>>>

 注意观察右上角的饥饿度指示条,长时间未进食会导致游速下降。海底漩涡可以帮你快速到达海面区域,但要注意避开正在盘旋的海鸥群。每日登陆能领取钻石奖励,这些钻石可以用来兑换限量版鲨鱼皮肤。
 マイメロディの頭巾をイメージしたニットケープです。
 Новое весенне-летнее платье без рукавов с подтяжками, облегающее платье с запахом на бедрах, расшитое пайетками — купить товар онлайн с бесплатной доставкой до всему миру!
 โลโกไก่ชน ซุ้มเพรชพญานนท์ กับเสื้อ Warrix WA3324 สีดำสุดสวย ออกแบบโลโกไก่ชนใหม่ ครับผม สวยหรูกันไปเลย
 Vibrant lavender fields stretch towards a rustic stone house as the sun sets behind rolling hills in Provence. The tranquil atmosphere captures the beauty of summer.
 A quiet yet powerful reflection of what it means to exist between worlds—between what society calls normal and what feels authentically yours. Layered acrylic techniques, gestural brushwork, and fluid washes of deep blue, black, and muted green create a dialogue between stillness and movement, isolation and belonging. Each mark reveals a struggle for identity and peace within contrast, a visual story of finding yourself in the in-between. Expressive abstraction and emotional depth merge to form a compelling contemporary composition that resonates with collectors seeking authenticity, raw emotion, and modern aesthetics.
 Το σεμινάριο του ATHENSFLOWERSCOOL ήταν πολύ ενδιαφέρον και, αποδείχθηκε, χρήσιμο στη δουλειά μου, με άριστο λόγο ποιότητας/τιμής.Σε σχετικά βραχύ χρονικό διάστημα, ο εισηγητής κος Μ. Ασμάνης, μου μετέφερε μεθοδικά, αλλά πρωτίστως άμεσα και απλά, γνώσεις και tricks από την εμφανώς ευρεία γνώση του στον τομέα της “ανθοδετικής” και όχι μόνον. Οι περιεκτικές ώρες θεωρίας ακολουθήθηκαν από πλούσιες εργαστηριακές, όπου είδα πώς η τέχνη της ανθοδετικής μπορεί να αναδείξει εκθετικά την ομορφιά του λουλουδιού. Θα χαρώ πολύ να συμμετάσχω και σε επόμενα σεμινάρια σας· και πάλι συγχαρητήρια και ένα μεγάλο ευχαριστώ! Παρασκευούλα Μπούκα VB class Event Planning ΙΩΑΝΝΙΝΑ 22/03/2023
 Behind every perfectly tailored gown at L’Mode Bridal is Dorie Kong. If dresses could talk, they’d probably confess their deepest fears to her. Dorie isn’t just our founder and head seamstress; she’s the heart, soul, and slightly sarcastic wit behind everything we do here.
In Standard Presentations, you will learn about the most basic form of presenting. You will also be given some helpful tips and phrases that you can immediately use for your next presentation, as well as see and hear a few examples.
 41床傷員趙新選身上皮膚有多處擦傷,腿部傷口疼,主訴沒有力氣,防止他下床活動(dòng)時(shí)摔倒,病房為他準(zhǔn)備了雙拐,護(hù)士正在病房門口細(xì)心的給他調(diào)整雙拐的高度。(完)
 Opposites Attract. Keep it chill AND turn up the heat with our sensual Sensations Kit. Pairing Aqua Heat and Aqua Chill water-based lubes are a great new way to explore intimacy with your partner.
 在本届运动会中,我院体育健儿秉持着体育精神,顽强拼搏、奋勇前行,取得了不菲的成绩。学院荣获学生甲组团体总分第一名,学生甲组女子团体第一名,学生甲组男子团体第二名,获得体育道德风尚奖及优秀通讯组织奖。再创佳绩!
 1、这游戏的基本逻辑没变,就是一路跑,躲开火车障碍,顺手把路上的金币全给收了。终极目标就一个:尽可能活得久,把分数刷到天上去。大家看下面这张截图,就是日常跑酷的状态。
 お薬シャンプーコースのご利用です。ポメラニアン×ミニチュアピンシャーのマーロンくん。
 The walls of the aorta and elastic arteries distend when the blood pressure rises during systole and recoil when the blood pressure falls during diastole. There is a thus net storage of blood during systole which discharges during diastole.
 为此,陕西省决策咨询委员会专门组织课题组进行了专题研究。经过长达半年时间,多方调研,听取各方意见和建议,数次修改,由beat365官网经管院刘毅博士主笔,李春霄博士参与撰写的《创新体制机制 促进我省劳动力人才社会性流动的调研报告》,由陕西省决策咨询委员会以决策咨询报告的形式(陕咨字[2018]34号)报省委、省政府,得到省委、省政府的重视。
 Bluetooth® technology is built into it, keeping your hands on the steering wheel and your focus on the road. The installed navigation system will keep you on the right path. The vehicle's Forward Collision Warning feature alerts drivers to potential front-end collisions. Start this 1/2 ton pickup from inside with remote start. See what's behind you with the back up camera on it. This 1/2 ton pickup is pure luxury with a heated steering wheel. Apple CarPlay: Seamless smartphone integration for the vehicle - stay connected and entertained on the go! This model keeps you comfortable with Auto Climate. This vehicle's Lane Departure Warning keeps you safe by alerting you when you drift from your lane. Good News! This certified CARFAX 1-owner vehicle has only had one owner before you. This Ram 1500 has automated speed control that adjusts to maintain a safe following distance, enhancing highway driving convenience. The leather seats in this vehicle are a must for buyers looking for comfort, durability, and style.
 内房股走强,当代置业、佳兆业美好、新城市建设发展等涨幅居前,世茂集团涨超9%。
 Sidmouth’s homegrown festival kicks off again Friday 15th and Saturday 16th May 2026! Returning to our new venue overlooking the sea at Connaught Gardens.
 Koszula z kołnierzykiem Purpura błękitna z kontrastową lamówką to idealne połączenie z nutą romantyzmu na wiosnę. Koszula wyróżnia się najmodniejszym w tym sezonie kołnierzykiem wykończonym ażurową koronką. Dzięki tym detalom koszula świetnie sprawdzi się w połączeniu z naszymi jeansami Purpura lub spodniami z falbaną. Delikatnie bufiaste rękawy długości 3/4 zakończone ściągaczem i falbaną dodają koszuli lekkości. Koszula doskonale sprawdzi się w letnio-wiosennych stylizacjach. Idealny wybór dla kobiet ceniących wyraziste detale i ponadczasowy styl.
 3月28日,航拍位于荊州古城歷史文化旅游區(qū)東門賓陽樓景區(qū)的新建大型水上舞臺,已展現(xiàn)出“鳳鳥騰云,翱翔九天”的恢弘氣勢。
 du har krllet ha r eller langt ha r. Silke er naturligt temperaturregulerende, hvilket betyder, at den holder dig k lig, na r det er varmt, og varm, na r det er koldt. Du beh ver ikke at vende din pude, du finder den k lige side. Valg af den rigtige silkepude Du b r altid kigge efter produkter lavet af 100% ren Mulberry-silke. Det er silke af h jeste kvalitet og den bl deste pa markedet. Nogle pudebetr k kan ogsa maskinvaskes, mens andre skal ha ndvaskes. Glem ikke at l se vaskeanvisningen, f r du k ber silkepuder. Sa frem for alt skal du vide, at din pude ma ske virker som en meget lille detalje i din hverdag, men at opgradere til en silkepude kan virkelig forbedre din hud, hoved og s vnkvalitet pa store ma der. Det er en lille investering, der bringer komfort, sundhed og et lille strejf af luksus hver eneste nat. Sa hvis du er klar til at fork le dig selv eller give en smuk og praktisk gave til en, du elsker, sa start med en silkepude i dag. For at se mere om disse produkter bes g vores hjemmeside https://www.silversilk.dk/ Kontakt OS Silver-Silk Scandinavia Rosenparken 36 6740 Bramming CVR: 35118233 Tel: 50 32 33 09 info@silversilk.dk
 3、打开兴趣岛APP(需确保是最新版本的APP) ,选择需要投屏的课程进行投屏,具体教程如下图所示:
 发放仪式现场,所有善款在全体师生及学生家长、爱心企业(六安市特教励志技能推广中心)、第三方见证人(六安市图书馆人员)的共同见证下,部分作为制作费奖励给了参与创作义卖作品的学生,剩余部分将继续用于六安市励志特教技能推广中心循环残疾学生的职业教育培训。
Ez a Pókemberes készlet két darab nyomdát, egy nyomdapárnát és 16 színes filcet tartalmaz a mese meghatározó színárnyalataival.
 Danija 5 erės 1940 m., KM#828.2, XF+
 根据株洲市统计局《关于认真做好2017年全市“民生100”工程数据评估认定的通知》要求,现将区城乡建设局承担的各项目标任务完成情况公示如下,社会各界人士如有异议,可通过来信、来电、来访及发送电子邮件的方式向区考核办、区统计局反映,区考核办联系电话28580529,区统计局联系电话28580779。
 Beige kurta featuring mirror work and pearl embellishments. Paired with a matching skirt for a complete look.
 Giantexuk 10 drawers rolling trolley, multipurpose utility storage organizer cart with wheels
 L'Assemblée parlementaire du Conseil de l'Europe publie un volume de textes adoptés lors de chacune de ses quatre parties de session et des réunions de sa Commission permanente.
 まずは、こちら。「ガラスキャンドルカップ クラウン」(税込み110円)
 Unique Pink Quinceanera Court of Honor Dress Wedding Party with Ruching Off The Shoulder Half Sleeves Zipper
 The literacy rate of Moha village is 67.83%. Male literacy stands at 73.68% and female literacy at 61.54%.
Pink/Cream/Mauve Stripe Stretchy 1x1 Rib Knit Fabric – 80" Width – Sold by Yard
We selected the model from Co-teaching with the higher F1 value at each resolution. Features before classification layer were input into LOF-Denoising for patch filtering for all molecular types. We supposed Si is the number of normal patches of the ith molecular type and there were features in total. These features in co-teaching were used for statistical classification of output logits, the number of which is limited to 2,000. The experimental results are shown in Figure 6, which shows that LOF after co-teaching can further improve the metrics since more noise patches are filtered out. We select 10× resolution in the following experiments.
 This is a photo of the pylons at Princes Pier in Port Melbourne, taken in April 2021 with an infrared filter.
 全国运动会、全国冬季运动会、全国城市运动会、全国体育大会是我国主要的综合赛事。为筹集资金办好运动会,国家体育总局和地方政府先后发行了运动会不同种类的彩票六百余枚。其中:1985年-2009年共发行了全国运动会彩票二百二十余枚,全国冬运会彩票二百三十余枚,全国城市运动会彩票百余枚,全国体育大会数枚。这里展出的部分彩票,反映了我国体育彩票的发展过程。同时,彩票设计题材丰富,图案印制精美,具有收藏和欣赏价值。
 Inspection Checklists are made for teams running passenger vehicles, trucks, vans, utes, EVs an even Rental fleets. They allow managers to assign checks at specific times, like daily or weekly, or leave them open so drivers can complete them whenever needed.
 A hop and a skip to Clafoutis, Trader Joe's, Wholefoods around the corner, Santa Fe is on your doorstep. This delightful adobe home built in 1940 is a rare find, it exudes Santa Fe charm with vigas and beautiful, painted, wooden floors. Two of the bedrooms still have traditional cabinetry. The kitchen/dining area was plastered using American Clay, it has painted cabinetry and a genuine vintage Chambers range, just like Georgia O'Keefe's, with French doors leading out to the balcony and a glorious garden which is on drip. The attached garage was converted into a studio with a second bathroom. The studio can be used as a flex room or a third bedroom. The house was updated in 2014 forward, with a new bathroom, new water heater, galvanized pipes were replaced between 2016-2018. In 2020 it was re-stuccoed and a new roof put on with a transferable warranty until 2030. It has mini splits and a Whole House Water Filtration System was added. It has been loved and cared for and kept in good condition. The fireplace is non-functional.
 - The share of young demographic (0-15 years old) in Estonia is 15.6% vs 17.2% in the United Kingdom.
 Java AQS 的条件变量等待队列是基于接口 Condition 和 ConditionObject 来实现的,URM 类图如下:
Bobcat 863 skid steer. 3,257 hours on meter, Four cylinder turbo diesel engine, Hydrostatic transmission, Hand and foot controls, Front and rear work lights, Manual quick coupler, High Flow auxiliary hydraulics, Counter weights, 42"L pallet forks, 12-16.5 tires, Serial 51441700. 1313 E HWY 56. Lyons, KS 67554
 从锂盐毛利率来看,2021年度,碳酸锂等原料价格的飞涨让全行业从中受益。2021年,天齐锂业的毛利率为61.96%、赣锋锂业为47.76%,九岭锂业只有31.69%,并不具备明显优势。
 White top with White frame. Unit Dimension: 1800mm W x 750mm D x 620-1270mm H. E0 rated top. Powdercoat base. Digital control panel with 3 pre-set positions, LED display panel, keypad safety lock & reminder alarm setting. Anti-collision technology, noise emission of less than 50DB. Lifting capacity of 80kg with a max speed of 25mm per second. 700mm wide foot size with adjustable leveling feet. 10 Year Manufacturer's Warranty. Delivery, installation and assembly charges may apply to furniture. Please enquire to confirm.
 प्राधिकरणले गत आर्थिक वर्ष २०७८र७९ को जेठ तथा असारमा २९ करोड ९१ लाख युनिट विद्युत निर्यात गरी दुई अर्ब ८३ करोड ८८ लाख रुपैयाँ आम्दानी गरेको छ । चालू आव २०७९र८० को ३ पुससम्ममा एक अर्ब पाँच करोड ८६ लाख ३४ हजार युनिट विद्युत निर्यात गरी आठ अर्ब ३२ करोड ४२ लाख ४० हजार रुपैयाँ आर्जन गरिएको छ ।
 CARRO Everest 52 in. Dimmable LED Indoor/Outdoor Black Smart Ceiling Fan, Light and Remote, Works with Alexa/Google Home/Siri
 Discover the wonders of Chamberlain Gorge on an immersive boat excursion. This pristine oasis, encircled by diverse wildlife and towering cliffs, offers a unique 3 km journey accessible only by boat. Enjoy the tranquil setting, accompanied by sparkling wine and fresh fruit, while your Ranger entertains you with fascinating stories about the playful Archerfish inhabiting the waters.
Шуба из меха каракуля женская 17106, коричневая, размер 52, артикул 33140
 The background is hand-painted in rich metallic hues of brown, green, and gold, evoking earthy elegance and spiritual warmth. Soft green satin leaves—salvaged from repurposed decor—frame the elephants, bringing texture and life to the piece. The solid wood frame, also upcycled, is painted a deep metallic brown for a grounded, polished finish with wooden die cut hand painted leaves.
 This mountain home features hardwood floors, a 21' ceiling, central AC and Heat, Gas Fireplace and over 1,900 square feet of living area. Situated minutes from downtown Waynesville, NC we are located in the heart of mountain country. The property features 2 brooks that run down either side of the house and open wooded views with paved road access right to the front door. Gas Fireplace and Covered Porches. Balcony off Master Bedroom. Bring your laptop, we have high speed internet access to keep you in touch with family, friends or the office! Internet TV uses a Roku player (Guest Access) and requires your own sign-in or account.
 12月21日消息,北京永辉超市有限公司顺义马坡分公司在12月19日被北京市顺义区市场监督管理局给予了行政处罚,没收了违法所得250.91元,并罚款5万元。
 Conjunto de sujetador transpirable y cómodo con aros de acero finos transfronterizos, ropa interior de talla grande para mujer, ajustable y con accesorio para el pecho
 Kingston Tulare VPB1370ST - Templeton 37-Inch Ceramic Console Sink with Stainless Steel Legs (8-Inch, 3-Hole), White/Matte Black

<<<

Retype only the lines running from the top of the listing to the line that holds "Новое весенне-летнее платье", both ends included.

 注意观察右上角的饥饿度指示条,长时间未进食会导致游速下降。海底漩涡可以帮你快速到达海面区域,但要注意避开正在盘旋的海鸥群。每日登陆能领取钻石奖励,这些钻石可以用来兑换限量版鲨鱼皮肤。
 マイメロディの頭巾をイメージしたニットケープです。
 Новое весенне-летнее платье без рукавов с подтяжками, облегающее платье с запахом на бедрах, расшитое пайетками — купить товар онлайн с бесплатной доставкой до всему миру!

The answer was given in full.